Tecnai™ Spirit TEM

Tecnai™ Spirit TEM
Meeting the Needs of Life Science Researchers
Today, life science research in the fields of cell biology and structural
biology focuses increasingly on understanding interactive biological
processes, pathways, and structures at the macromolecular scale.
Transmission Electron Microcopy (TEM) alone combines the power
to resolve these structures with the ability to visualize them in their
functional, three dimensional context and native, fully hydrated state.
The Tecnai Spirit TEM – built on more than 50 years’ experience
in life science imaging – features optical systems specifically
designed to deliver both the deep subnanometer resolution and
high contrast, high-quality imaging required to explore the fine
detail of biological structures.
Extensive automation at all levels makes operation fast, easy, and
accessible, allowing you to concentrate on the science rather than
the operation of the microscope.
The Xplore3D™ software simplifies three dimensional imaging
with electron tomography, streamlining the entire process from
data acquisition through reconstruction and visualization.

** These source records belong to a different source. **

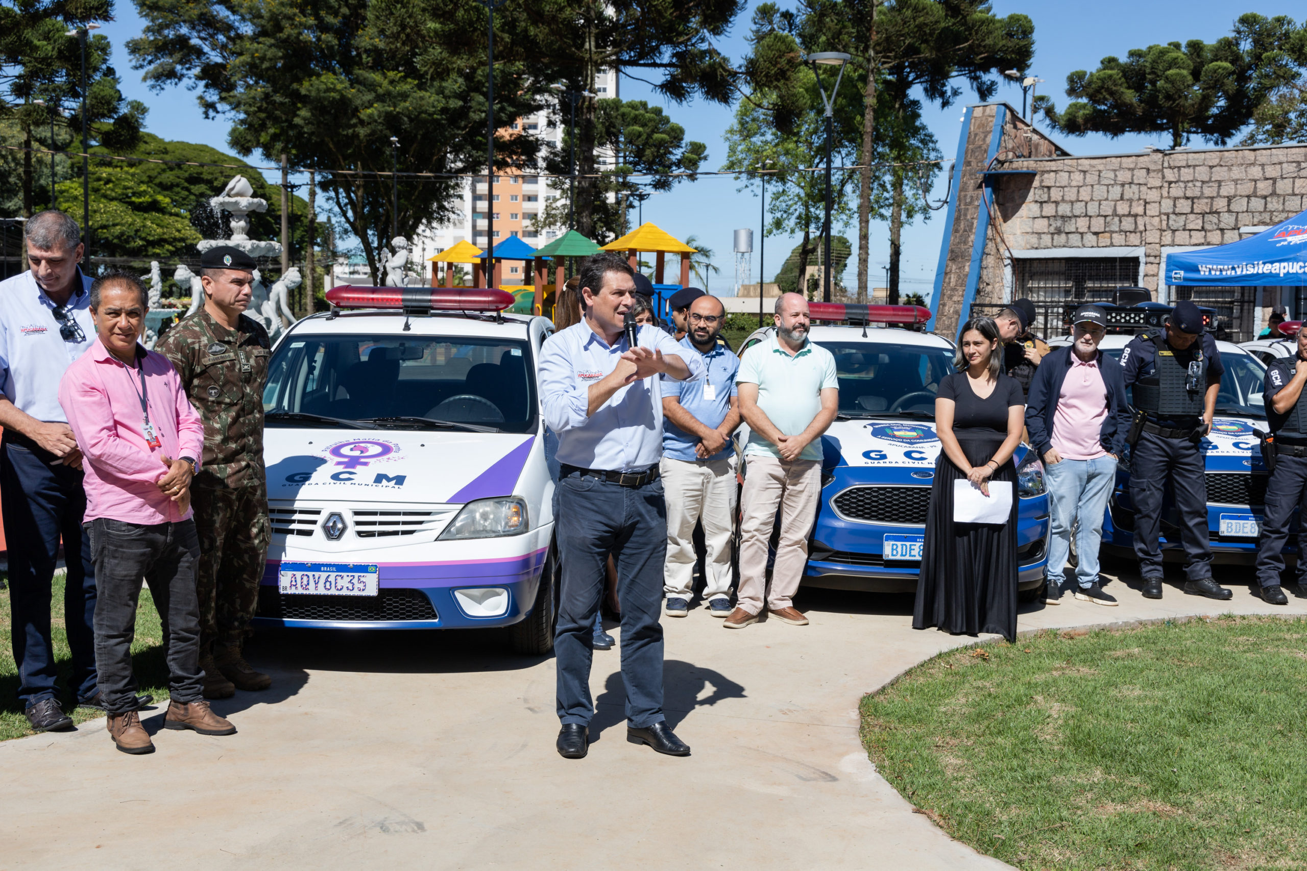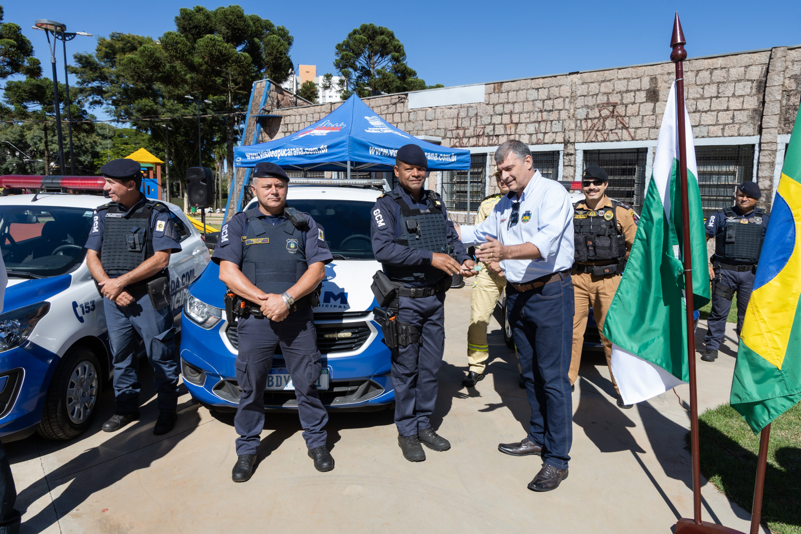 O prefeito Junior da Femac assinou nesta quinta-feira (25/01) o decreto convocando 25 novos guardas civis municipais, aprovados em concurso público. No mesmo ato, realizado na Praça 28 de Janeiro e integrando a programação dos 80 anos de Apucarana, Junior da Femac também fez a entrega de seis viaturas e de kits de Atendimento Pré-hospitalar (APH) para a corporação.
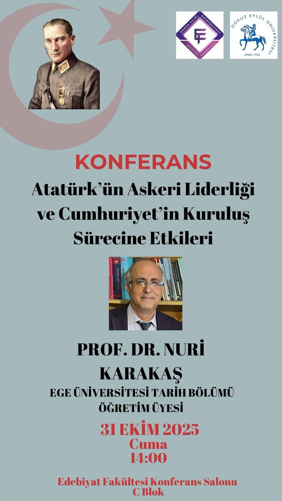 31 Ekim 2025, Konferans, “Atatürk’ün Askeri Liderliği ve Cumhuriyet’in Kuruluş Sürecine Etkileri ” Prof. Dr. Nuri KARAKAŞ, Atatürk’ün askeri liderliği üzerine bir konuşma gerçekleştirmiştir.
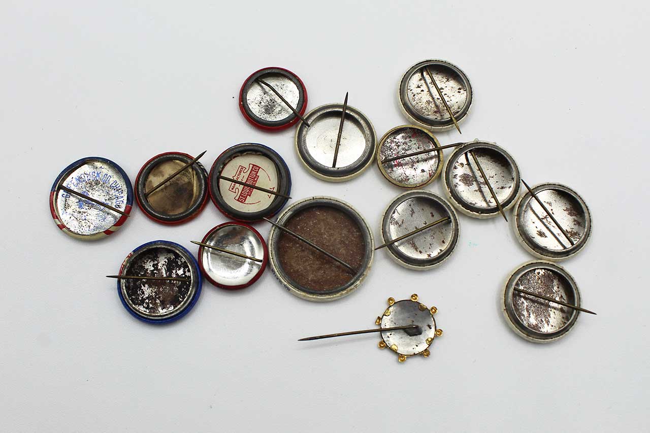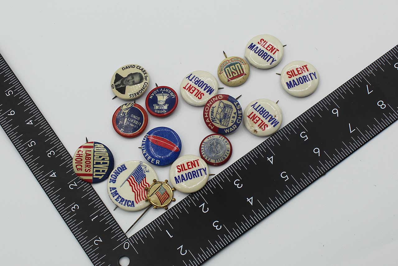 Group of 15 Patriotic and Political American Pins/Buttons. Price is for the whole group of pins pictured. Appears most from 1940s-1970s era. Worn condition.
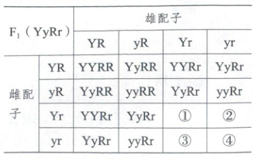 3. A 解析:无论正交还是反交,结果都一样,A项错误;对亲本进行实验时必须要对母本去雄,防止自花受粉,然后授以父本花粉,B项正确;表中①是$YYrr$,②是$Yyrr$,③是$Yyrr$,都是不同于亲本的重组类型,占$F_{2}$的$\frac{3}{16}$,C项正确;①的遗传因子组成为$YYrr$,④的遗传因子组成为$yyrr$,都是纯合子,性状能稳定遗传,②③的遗传因子组成都为$Yyrr$,都是杂合子,子代会出现性状分离,D项正确。
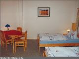 Betten und Tisch einer Ferienwohnung im Weberhof
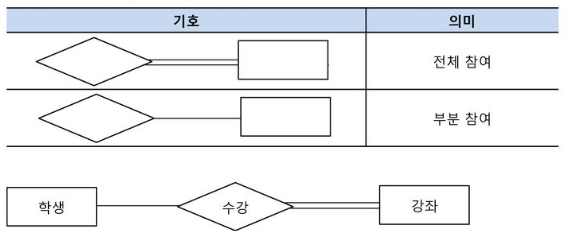 | 전체 참여 - 개체 집합의 모든 개체가 관계에 참여하고, 개체 타입과 관계를 두 줄 실선으로 표현 부분 참여 - 일부만 참여하며, 일반적인 관계 표현과 같이 단일 실선으로 표현 |
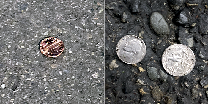 A single penny in the gutter near Safeway and thirty cents at a car vacuum cleaner at a service station. Janet frequently checks the vacuum place, and of course the Dairy Queen drive thru, and they sometimes pay off. And yes, Chuck found the single penny. But it was shiny.
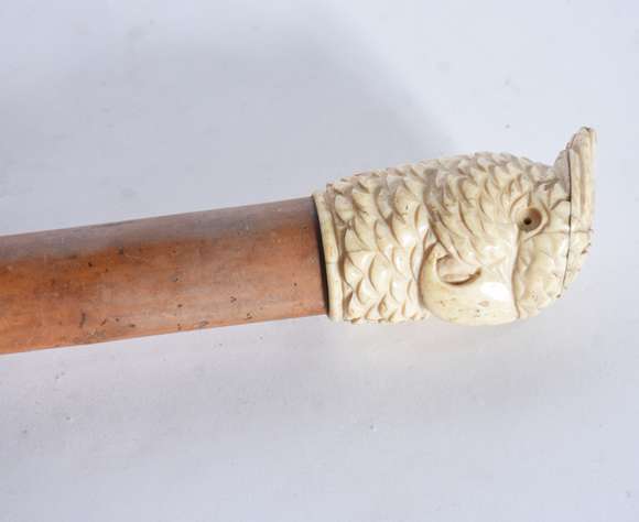Guarda chuva com cabo de madeira e castão de osso entalhado na forma de cabeça de pássaro.
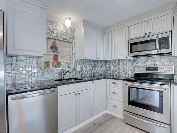 Meticulously maintained & beautifully updated contemporary coastal feel in paradise awaits you! You'll fall in love with this stunning kitchen complete with soft close shaker style cabinets with shell hardware knobs, granite counters, mosaic style glass tile with ocean colors backsplash and new stainless steel appliances. The beautiful move in ready home has a fresh coat of paint both inside and out, new water resistant floors, and new carpeted bedrooms, bottom up - top down blinds, newer roof w/ AMS warranty, new carport & new water heater! The lanai has central air and heat! Boat owners will love the community boat launch & storage which leads directly to the Gulf. This 55+ community has many fun activities, very low HOA fee and is also walking distance to many stores!
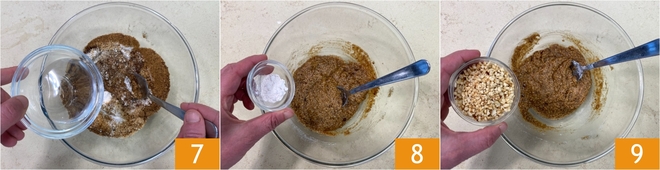 Doe hetzelfde met het water 7. Voeg ook het bakpoeder voor gebak 8 toe en meng daarna de gehakte hazelnoten 9 erdoor.
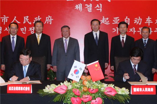 [아시아경제 최일권 기자] 기아자동차가 늘어나는 중국 자동차 산업수요에 대응하고 중국 시장 내 지속적인 시장 우위를 유지하기 위해 중국 제 3공장 건설을 결정하고 2일 오후(현지시간) 투자협의서를 체결했다.사진은 중국 장쑤성 난징시에 위치한 진링호텔에서 정몽구 현대차그룹 회장(뒷줄 좌측 세번째)을 비롯한 회사관계자와 장쑤성 뤄즈쥔 서기(뒷줄 좌측 네번째), 장쑤성 장웨이궈 부성장(뒷줄 우측 두번째), 옌청시 자오펑 서기(뒷줄 우측 첫번째) 등 관계자들이 참석한 가운데 이형근 기아차 부회장(앞줄 좌측)과 웨이궈창 옌청시 시장(앞줄 우측)이 ‘둥펑위에다기아 3공장 투자협의서’에 사인하고 있는 모습.최일권 기자 igchoi@<ⓒ세계를 보는 창 경제를 보는 눈, 아시아경제(www.asiae.co.kr) 무단전재 배포금지>
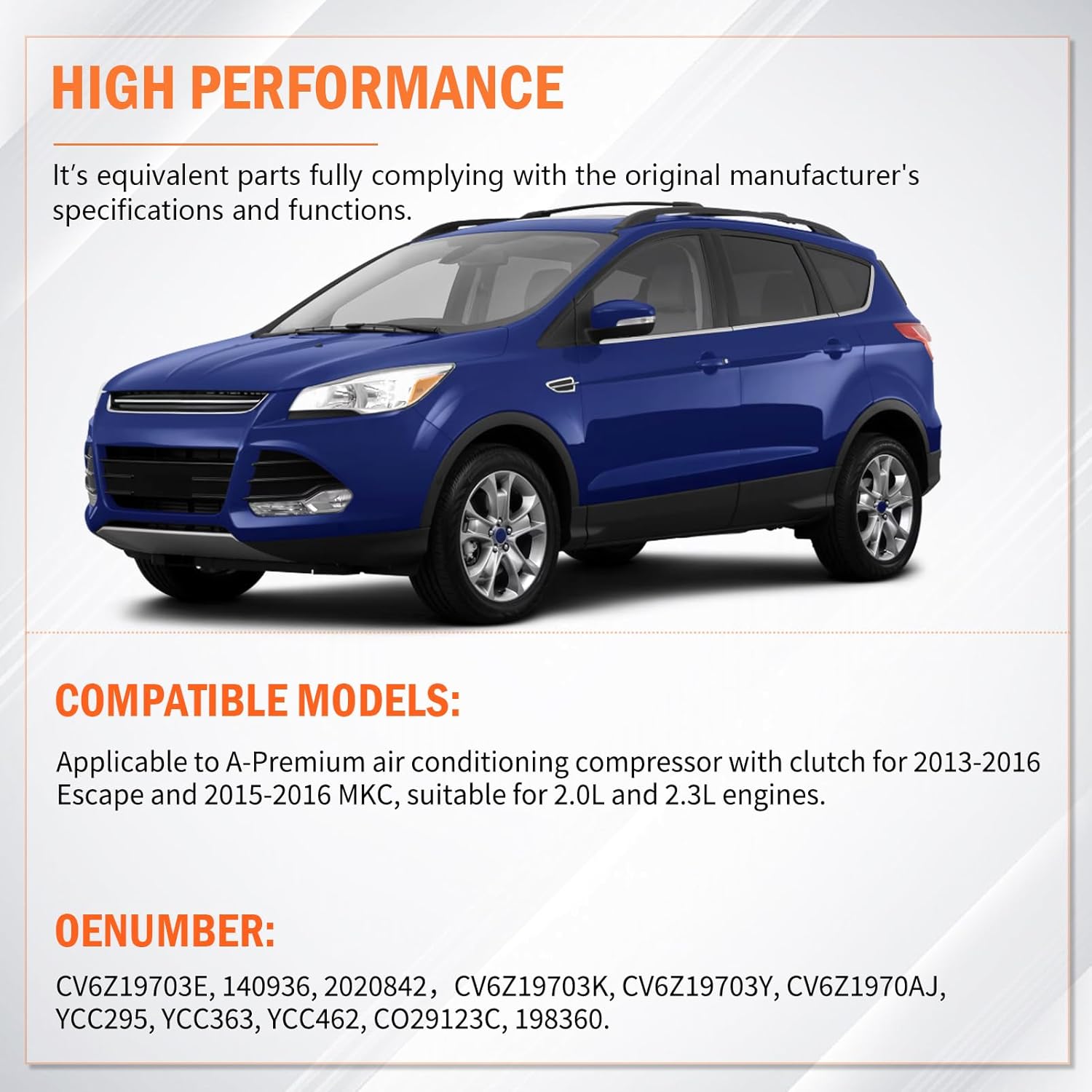 Package Contains: 1 x AC Compressor.Compatible with : for Escape 2013-2016 L4 2.0L for Lincoln MKC 2015-2016 L4 2.0L for Lincoln MKC 2015-2016 L4 2.3L [Note]: Only fit Turbocharged Models, Not Naturally Aspirated Ones.OE Reference Numbers: CV6Z19703E | CV6Z19703K | CV6Z19703Y | CV6Z1970AJ | YCC295 | YCC363 | YCC462 | 140936 | 2020842 | CO29123C | 198360 ⚠️ Installation Notes: - Professional installation recommended (no instructions included). - Check for leaks after installation to ensure optimal performance. 😉FanPaYY is a professional brand specializing in automotive window switches, door handles, repair kits, reversing cameras and other automotive parts. We strive to provide you with cost-effective replacements, if you have any suggestions please feel free to let us know. thank you for your support!
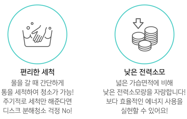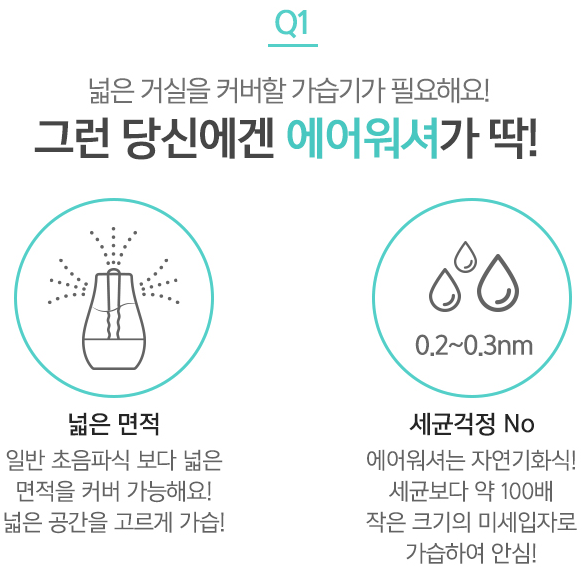 넓은 거실에서 쓸 때에는 에어워셔가 좋습니다. 일반적인 초음파식 보다는 넓은 면적을 커버하며, 고르게 가습할 수 있기 때문입니다. 에어워셔는 자연기화식이고 세균보다 약 100배 작은 크기의 미세입자로 가습하기 때문에 세균걱정은 일반 가습기보다 안하셔도 됩니다. 또, 물을 갈아 줄때 통만 세척해서 청소가 편하고, 넓은 가습면적에 비해 전력소모량이 낮기 때문에 전기세 걱정도 덜 수 있습니다.
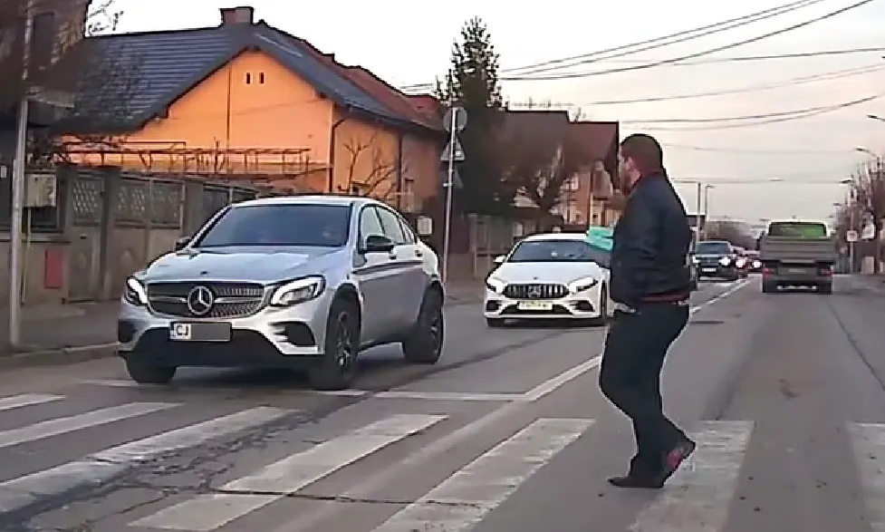 Un astfel de moment a avut loc pe o stradă din oraș, atunci când, un pieton care s-a angajat în traversarea străzii a fost nevoit, pur și simplu, să se oprească în mijlocul trecerii deoarece un șofer, care se afla la volanul unui Mercedes, nu a oprit pentru a-l lăsa pe om să treacă strada.
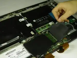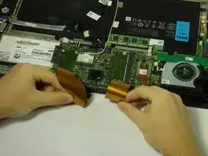 Используйте наклонный край инструмента для открывания, чтобы поднять зажимы, фиксирующие кабели экрана и материнской платы.
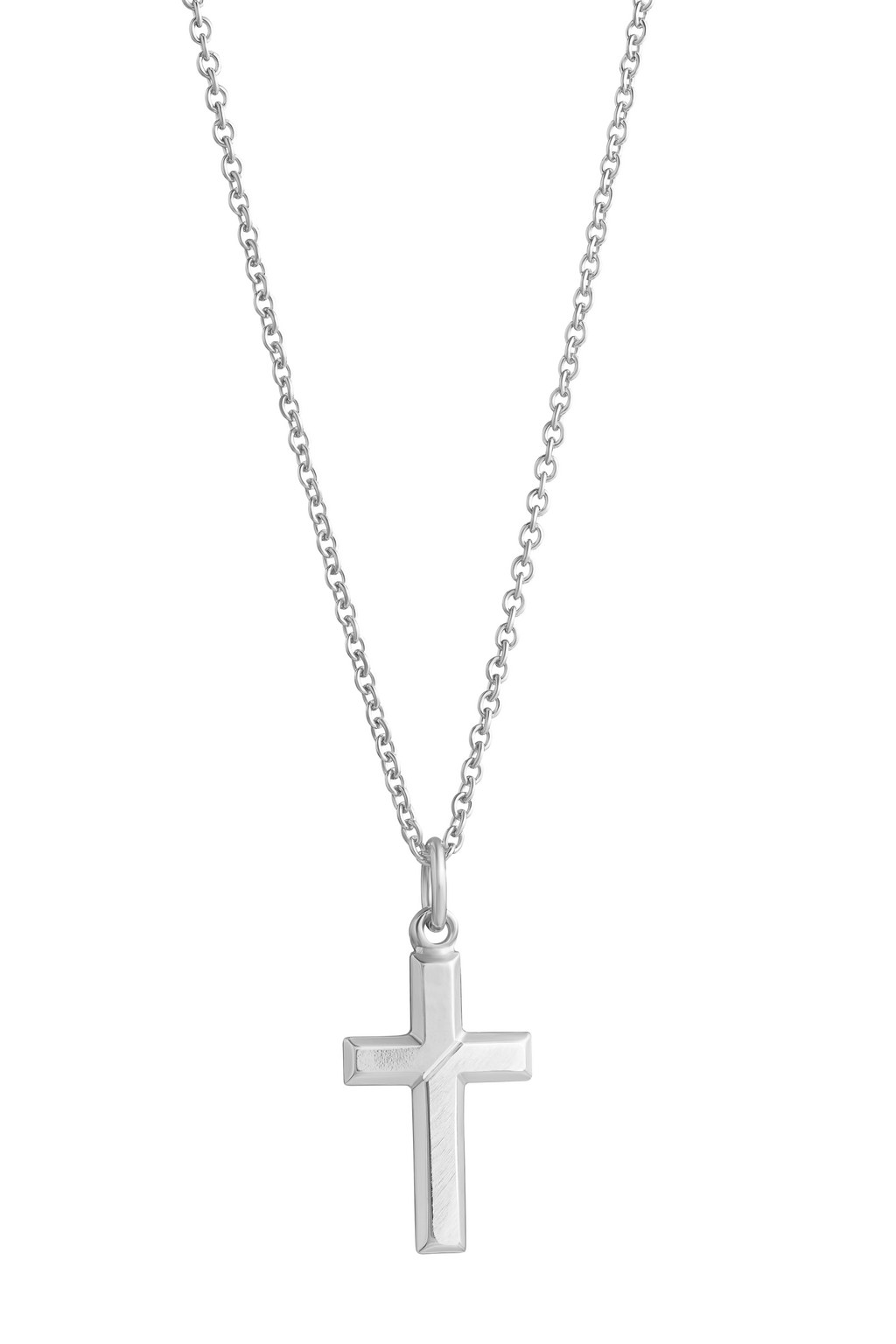 Yksinkertaisen tyylikäs hillitysti hopeaa oleva ristiriipus.

State of the art cryogenic sample handling permits observations of
vitrified samples without the potential artifact and structural disruption
caused by harsh chemical and physical preparations.
Cells– Every cell is a fascinating, complex biological factory requiring
the precise integration and control of myriad molecular machines
almost too numerous and too varied to image. It is Tecnai Spirit TEM’s
ability to explore the full range of this complexity, from the molecular
to the cellular scale, that makes it an indispensible tool for fundamental
research in structural and cellular biology.
Tissues– Observations of tissues, the next level up the organizational
hierarchy, often add the practical requirements of clinical and diagnostic
medicine to the list of needed capabilities. The Tecnai’s easy operation
and high quality imaging ensure fast, accurate diagnoses.
Pharmaceuticals– The Tecnai Spirit TEM’s ability to observe biological
systems in a fully functional context permits powerful visualization of
the effects of pharmaceutical agents on their biological targets.